III L'approche par la systémique des communications
Les diffférentes systémiques

La systémique des communications abordée par l'école de Palo Alto n'est que rarement utilisée dans les études sur les communications. Citons toutefois la théorie systémique actuelle de communications dite école de Bézier qui prolonge les travaux du collège invisible.

Conclusion
Il faut noter que nous n'avons vu seulement que quelques unes des principales approches des phénomènes de communication. Il s'agit ici de vous montrer l'extrême diversité de ces approches, tant dans les théories de référence, dans leurs problématiques et objets d'étude et dans leurs méthodes d'analyse.








mardi 10 novembre 2009

Cours N° 6 : L'utopie de la communication


Les mythes de la communication par Nicolas Journet
L'auteur pose sept questions.

Pourquoi l'ère de la communication?
Pour cet auteur, les nouvelles technologies de l'information et de la communication ont fait naître, au lendemain de la seconde guerre mondiale, l'espoir d'une révolution qui mettrait fin aux fléaux persistants des sociétés développées ; arbitraire, opacité, conflits, violences... mais la prophétie laisse bientôt la place au désenchantement et aux critiques.
Nicolas Journet est journaliste et pas un chercheur en sciences de l'information et de la communication mais sa réflexion est intéressante à plusieurs titres.
Il compare les industries de l'information et de la communication à un mythe moderne, car créditées de certains pouvoirs comme celui de résoudre les conflits d'intérêts et d'idées ou d'accroître la démocratie.
Il fait un retour historique qui pourrait expliquer l'entrée en société de l'information avec le rappel de l'influence sur la sphère scientifique de Norbert Wiener et la cybernétique. Pour Wiener, la communication jouerait un rôle de transformation globale de la société. Les dysfonctionnements de la vie en société sont attribués à des causes informationnelles comme la rétention, le blocage, les erreurs, le bruit...

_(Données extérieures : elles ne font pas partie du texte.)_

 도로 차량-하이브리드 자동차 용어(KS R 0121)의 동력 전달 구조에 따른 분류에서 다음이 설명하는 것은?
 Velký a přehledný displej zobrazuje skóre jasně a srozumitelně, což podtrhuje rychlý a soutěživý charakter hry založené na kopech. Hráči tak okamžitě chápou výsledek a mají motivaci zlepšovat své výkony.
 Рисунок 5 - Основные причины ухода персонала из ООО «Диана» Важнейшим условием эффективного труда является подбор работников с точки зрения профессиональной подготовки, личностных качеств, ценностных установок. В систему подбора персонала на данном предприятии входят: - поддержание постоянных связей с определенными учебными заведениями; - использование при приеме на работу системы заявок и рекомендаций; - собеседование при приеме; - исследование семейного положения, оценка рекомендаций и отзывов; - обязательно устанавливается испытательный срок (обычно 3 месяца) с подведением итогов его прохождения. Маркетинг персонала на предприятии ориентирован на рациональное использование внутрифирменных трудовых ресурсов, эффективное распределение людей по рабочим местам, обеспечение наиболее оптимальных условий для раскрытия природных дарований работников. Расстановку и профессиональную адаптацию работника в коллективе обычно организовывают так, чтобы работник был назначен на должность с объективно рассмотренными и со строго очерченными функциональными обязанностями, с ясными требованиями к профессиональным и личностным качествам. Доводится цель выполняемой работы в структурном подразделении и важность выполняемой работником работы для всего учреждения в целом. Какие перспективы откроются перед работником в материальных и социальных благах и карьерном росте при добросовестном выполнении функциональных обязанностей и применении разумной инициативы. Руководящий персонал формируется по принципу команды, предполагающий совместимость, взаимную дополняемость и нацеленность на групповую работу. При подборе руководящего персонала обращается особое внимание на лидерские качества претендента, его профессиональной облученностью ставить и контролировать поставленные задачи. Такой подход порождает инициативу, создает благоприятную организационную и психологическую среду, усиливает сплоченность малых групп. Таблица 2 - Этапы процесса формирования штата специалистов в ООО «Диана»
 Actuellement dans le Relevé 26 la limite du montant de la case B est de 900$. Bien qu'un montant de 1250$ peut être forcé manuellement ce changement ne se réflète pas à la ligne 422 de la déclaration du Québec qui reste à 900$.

Le savoir : une nouvelle richesse?

Second auteur cité, le sociologue américain Daniel Bell, qui est, avec le Français Alain Touraine, à l’origine du courant sociologique Post-industrialiste et considérés comme les pères de l’informationalisme.
A la fin des années 50, et faisant suite à l'ère industrielle, une nouvelle ère voit le jour avec la montée des secteurs de service, l'importance des compétences théoriques et techniques. Les idéaux politiques laissent la place au savoir des scientifiques.

Vers un monde unique?

Dès les années 60, l'espace et le temps sont contractés grâce aux capacités des réseaux de télécommunication faisant resurgir une ancienne utopie: la disparition des frontières entre les communautés humaines menant à la création d'un monde unique, symbolisé par le "village global" de Marshall McLuhan. L'homme peut mener une existence de villageois et entrer en relation avec le monde entier, ce qui est possible avec l'avènement d'internet.
Pourtant, le sociologue Manuel Castells relèvera des désordres ( mafias, krach boursier) et des réactions politiques engendrés par ce "nouvel ordre mondial".

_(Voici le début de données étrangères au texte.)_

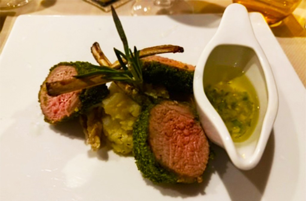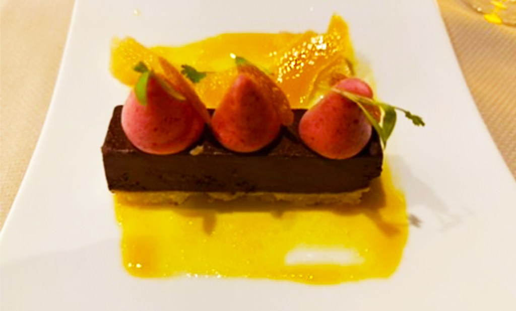 Right: Organic chicken jambonnette with duck, creamy polenta, Melanie’s roasted tomatoes, willowherb and smoked blackcurrant
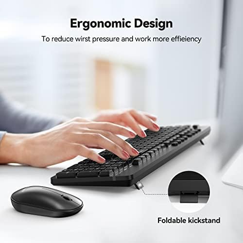 Enjoy Wireless Freedom: This full size keyboard and mouse combo adopts 2.4 GHz wireless technology, ensuring a stable and reliable connection with a distance of up to 8 meters. The USB Receiver is inside the battery compartment of the mouse
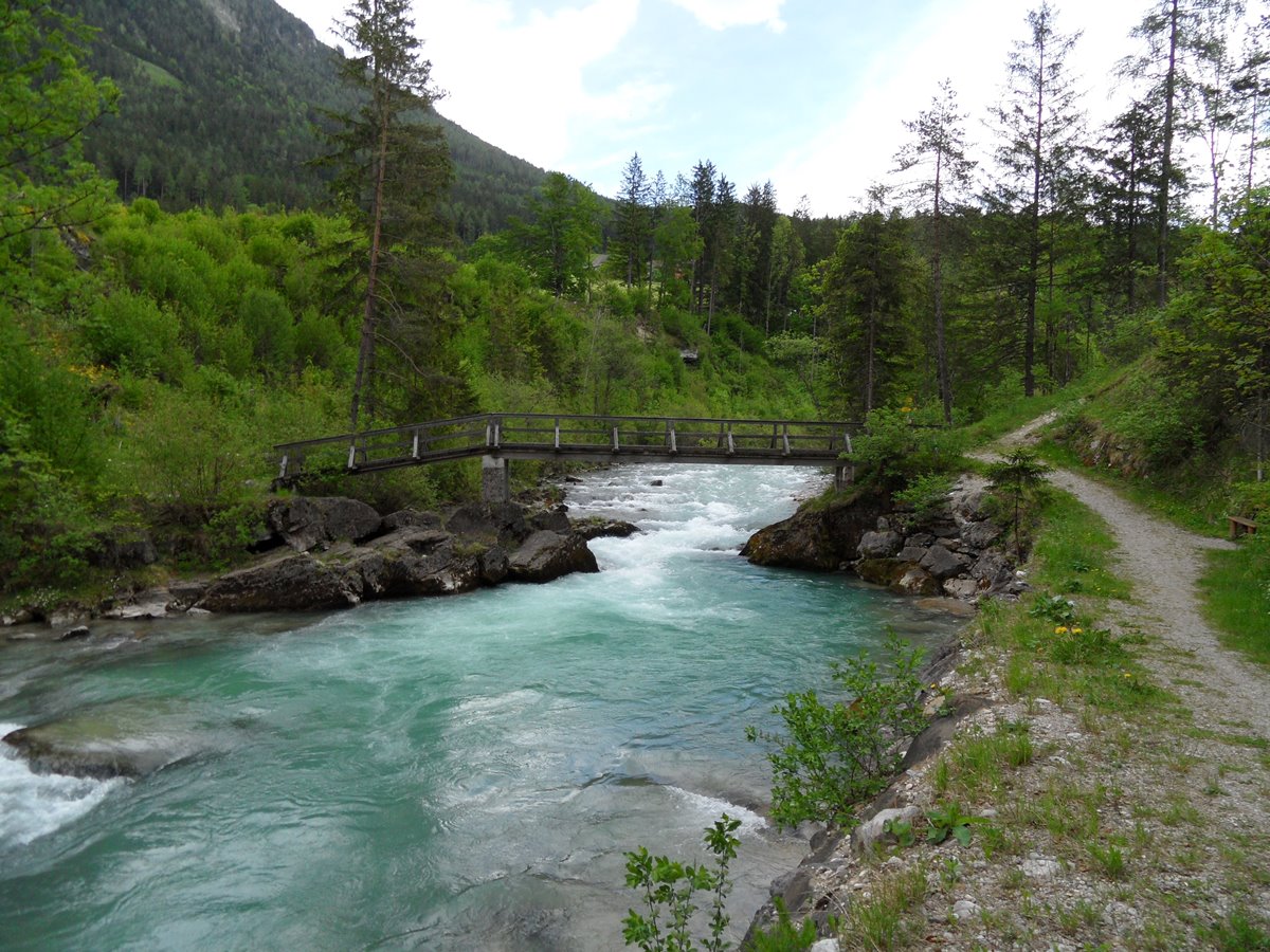 Nun geht es ins Stodertal. Auf dem als Flötzersteig bezeichneten Weg überqueren wir immer wieder die Steyr. Wir kommen zu Flötzerstube (Mostschank) und kommen etwa eine Stunde später in Hinterstoder (K) an.

Le rêve de la démocratie directe?

L'abondance des sources d'information et des moyens de diffusion permettrait à tous l'accès aux biens culturels. Par ailleurs la télématique transformerait l'exercice du pouvoir politique puisque chaque citoyen aura la possibilité de s'informer et de d'intervenir dans les décisions politiques locales. Les réseaux câblés et les mémoires informatiques rendent potentiellement superflue l'existence de représentants, on se dirigerait vers la démocratie directe sans représentants politiques. De plus l'interactivité soumet les médias de masse à la critique des consommateurs.
Selon les conceptions on obtiendrait un réseau d'acteurs de plus en plus autonomes mais guidés par la morale de la communication ou à l'inverse une constellation de groupes d'intérêts en compétition.



Une stratégie des idées?

On est dans la sphère géopolitique. Les flux d'information ont une influence directe sur l'état des relations internationales et la "diplomatie des réseaux"" succèderait à la diplomatie de la canonière". Les supports sont le cyberespace et l'objectif recherché: la diffusion des idéaux démocratiques et libéraux.

Ordre ou désordre?

Avant on jugeait néfaste les effets de la communication de masse, maintenant il s'agit de tourner en dérision le post-modernisme . En 1970 , Baudrillard dénonçait l'emprise symbolique de la publicité et des médias sur l'homme moderne. Avant les technologies de l'information et de la communication incarnaient plutôt "Big Brother". Pour d'autres, elles deviennent les vecteurs de l'individualisme et de la fragmentation sociale. L'individu serait devenu apathique et sans lien et ne chercherait qu'à combler ses manques dans la sphère communicationnelle. Baudrillard décrit l'époque contemporaine comme une ère de simulacres où les images tiennent lieu de réel. Ce qui fait dire à Philippe Breton qu'il ne s'agit qu'illusion d'harmonie, individualisme, tribalisation sociale, effondrement des valeurs, nivellement des savoirs. Des visions critiques vont émerger et attribuer aux N T I C le pouvoir d'agir profondément sur les rapports sociaux mais pas pour le bien de l'individu.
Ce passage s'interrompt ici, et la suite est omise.